To be efficient, ray tracing requires organizing the geometry into an acceleration structure (AS)
that will reduce the number of ray-triangle intersection tests during rendering. This is typically implemented
in hardware as a hierarchical structure, but only two levels are exposed to the user: a single top-level acceleration structure (TLAS)
referencing any number of bottom-level acceleration structures (BLAS), up to the limit
`VkPhysicalDeviceAccelerationStructurePropertiesKHR::maxInstanceCount`. Typically, a BLAS
corresponds to individual 3D models within a scene, and a TLAS corresponds to an entire scene built
by positioning (with 3-by-4 transformation matrices) individual referenced BLASes.

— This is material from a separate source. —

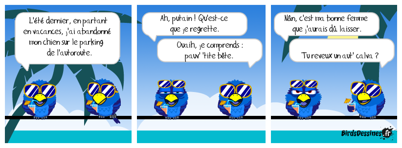 Case 1:Bird 1: L'été dernier, en partant en vacances, j'ai abandonné mon chien sur le parking de l'autoroute. | Case 2: Bird 1: Ah, putain ! Qu'est-ce que je regrette. Bird 2: Ouaih, je comprends : pauv' 'tite bête. | Case 3: Bird 1: Nân, c'est ma bonne femme que j'aurais dû laisser. Bird 2: Tu reveux un aut' calva ?

BLASes store the actual vertex data. They are built from one or more vertex
buffers, each with its own transformation matrix (separate from the TLAS matrices), allowing us
to store multiple positioned models within a single BLAS. Note that if an object is instantiated several times within
the same BLAS, its geometry will be duplicated. This can be particularly useful for improving performance
on static, non-instantiated scene components (as a rule of thumb, the fewer BLAS, the better).

The TLAS will contain the object instances, each
with its own transformation matrix and reference to a corresponding BLAS.
We will start with a single bottom-level AS and a top-level AS instancing it once with an identity transform.

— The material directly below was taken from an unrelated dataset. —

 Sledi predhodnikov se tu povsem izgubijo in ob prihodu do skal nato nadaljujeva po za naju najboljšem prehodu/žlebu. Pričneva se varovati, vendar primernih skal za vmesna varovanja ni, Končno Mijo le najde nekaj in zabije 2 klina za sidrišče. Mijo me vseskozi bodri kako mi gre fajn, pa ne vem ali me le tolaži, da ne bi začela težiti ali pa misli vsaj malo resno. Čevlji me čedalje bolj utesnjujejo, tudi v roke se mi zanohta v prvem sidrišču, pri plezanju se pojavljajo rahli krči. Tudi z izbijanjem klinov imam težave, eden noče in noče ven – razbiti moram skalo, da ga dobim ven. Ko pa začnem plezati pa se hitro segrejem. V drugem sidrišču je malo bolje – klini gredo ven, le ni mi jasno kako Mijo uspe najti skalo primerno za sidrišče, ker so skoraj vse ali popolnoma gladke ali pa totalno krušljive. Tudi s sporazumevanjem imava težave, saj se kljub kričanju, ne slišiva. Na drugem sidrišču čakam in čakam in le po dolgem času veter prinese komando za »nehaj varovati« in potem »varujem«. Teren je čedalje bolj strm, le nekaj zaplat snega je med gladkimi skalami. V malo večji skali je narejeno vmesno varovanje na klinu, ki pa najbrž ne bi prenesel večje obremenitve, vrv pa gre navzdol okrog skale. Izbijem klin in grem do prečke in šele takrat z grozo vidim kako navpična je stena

![Figure [step]: Acceleration Structure](Images/AccelerationStructure.svg)

This sample loads an OBJ file and stores its indices, vertices and material data into an `ObjModel` structure. This
model is referenced by an `ObjInstance` structure which also contains the transformation matrix of that particular
instance. For ray tracing the `ObjModel` and list of `ObjInstance`s will then naturally fit the BLAS and TLAS, respectively.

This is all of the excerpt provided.